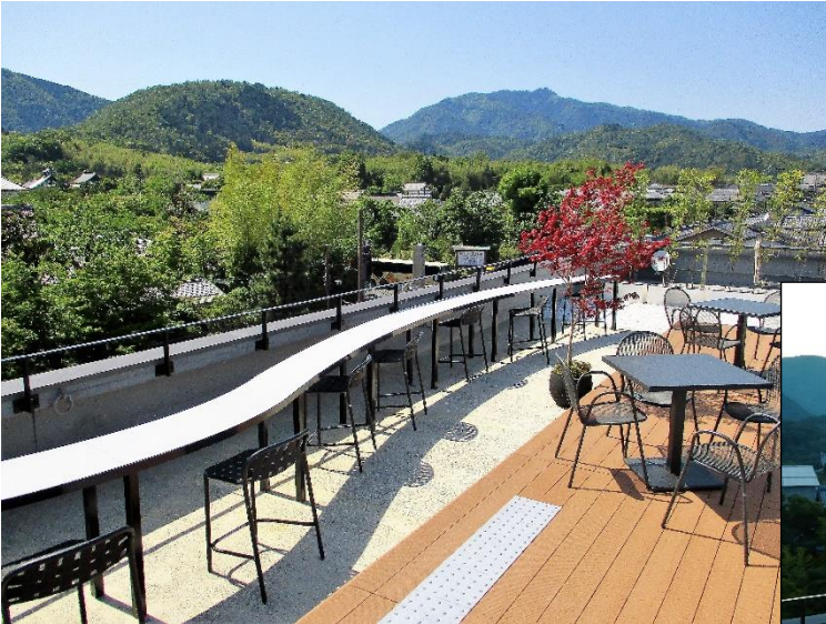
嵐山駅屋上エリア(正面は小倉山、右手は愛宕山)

...

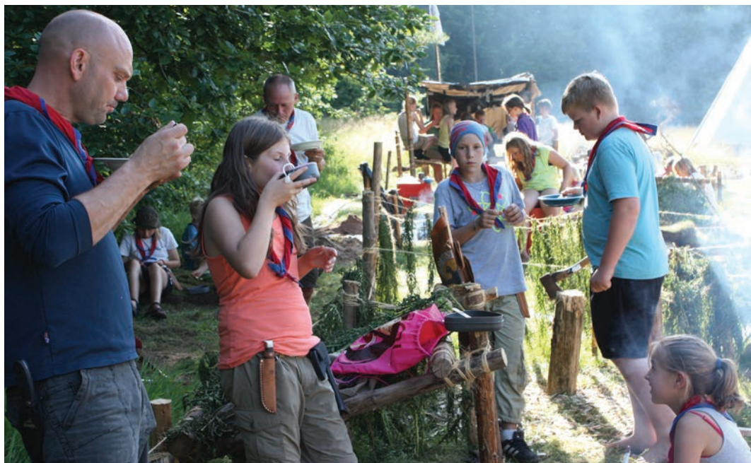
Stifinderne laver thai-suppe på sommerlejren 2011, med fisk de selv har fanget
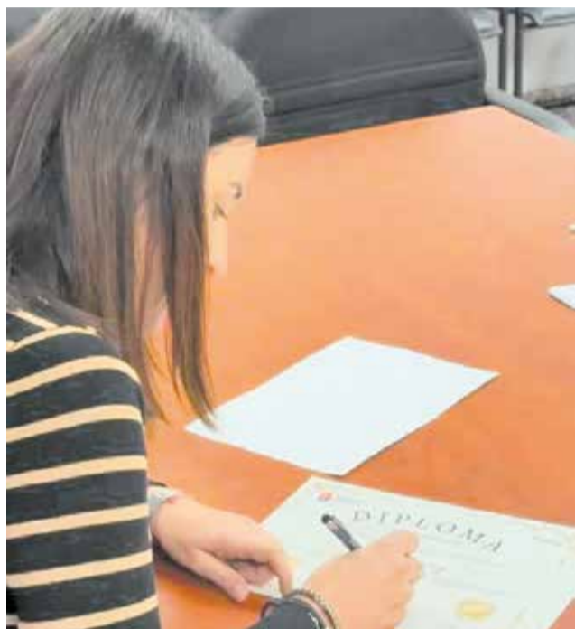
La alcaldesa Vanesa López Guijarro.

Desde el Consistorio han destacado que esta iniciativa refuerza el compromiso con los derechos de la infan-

_Requirement_. Print exactly the lines above that run from the one with "Stifinderne laver thai-suppe" to the one with "Desde el Consistorio", both included. No pictures.

_The answer_.
Stifinderne laver thai-suppe på sommerlejren 2011, med fisk de selv har fanget
La alcaldesa Vanesa López Guijarro.

Desde el Consistorio han destacado que esta iniciativa refuerza el compromiso con los derechos de la infan-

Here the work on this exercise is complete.